■ **Record extracts**:
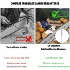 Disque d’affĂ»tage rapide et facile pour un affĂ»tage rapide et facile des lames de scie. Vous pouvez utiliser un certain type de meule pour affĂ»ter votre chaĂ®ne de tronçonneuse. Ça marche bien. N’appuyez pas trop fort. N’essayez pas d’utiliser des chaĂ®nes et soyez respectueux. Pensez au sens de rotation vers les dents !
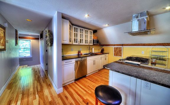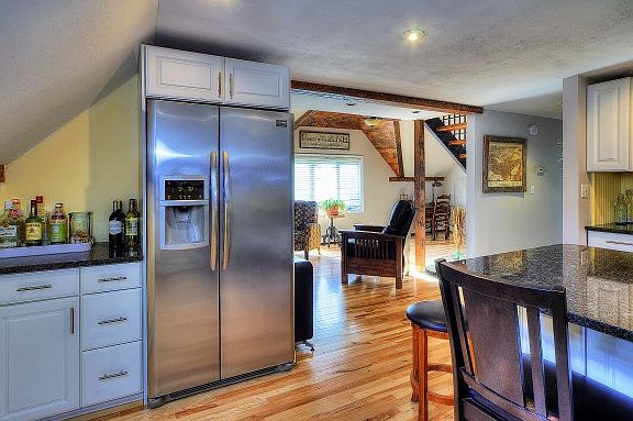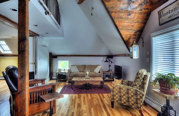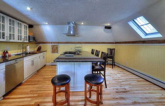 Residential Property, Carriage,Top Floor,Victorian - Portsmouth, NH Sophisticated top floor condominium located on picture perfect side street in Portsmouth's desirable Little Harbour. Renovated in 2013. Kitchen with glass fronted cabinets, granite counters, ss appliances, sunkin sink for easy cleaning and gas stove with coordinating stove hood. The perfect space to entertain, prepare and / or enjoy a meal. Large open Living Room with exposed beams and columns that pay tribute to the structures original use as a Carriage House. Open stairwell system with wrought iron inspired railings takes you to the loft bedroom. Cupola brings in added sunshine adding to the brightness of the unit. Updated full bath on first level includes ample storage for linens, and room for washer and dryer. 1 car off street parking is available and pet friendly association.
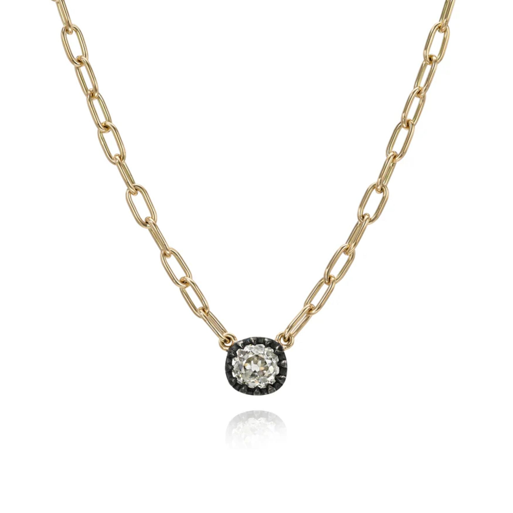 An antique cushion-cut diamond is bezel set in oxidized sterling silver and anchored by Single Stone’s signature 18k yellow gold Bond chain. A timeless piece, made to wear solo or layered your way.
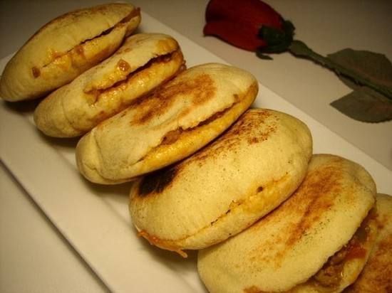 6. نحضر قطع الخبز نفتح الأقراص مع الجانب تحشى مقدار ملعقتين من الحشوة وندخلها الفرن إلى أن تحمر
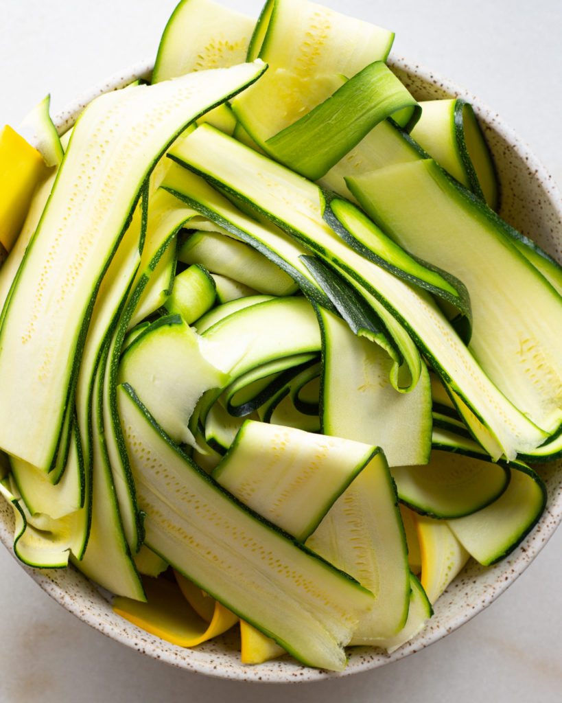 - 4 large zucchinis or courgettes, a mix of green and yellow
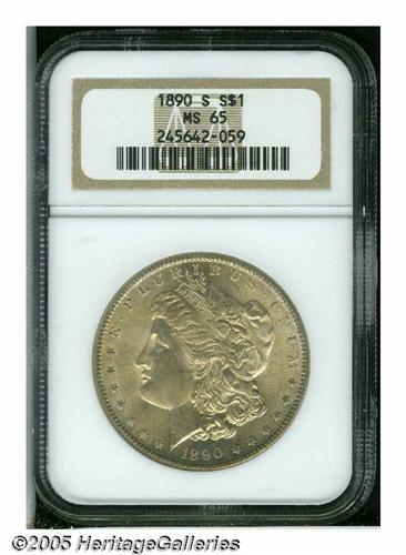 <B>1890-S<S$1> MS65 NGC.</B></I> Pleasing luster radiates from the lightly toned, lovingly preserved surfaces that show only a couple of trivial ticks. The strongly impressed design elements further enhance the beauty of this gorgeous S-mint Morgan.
==
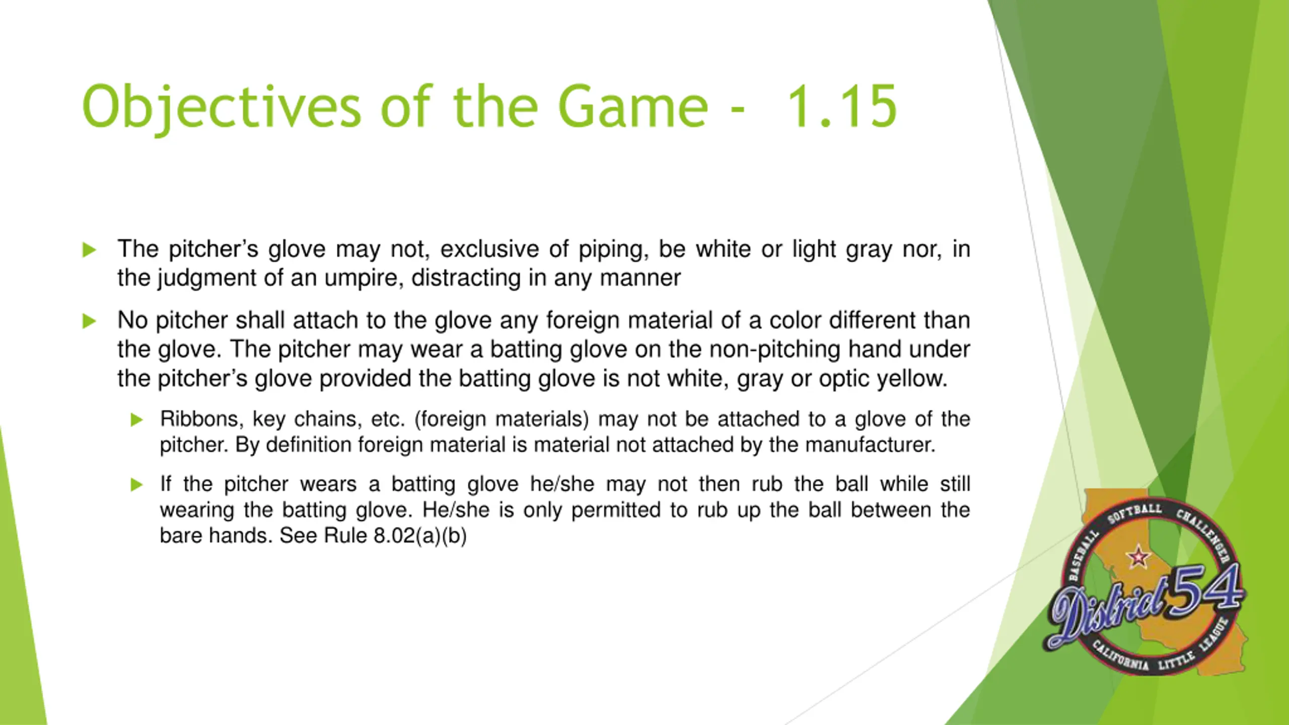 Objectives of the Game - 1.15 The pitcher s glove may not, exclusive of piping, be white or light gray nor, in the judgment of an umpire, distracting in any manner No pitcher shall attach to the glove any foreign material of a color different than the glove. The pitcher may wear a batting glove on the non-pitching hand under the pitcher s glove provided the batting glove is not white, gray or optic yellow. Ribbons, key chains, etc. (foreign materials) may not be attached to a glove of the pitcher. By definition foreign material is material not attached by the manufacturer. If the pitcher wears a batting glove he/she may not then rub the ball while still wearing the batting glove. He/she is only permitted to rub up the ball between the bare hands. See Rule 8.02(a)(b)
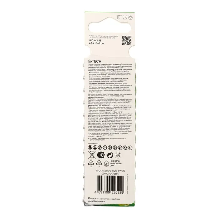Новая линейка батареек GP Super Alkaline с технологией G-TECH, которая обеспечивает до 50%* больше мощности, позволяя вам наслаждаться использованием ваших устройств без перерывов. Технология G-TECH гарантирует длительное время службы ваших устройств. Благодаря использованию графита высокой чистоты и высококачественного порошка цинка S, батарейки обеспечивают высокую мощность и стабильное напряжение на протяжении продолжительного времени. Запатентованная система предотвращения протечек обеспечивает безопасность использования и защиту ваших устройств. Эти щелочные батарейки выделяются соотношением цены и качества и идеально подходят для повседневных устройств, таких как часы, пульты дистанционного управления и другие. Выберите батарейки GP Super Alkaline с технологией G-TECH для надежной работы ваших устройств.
==
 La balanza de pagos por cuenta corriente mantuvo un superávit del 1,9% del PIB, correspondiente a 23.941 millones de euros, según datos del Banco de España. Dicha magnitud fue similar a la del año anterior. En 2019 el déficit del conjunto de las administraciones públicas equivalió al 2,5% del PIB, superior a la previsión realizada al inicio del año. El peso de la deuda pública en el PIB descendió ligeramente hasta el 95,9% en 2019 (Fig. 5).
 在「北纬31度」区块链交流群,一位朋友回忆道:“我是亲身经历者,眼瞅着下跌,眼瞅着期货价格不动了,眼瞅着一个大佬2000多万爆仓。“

■ **Activity**: For the data above, set down exactly the lines from the line with "An antique cushion-cut" to the line with "<B>1890-S<S$1> MS65 NGC.</B></I>", both included, leaving pictures out.

■ **Written reply**:
 An antique cushion-cut diamond is bezel set in oxidized sterling silver and anchored by Single Stone’s signature 18k yellow gold Bond chain. A timeless piece, made to wear solo or layered your way.
 6. نحضر قطع الخبز نفتح الأقراص مع الجانب تحشى مقدار ملعقتين من الحشوة وندخلها الفرن إلى أن تحمر
 - 4 large zucchinis or courgettes, a mix of green and yellow
 <B>1890-S<S$1> MS65 NGC.</B></I> Pleasing luster radiates from the lightly toned, lovingly preserved surfaces that show only a couple of trivial ticks. The strongly impressed design elements further enhance the beauty of this gorgeous S-mint Morgan.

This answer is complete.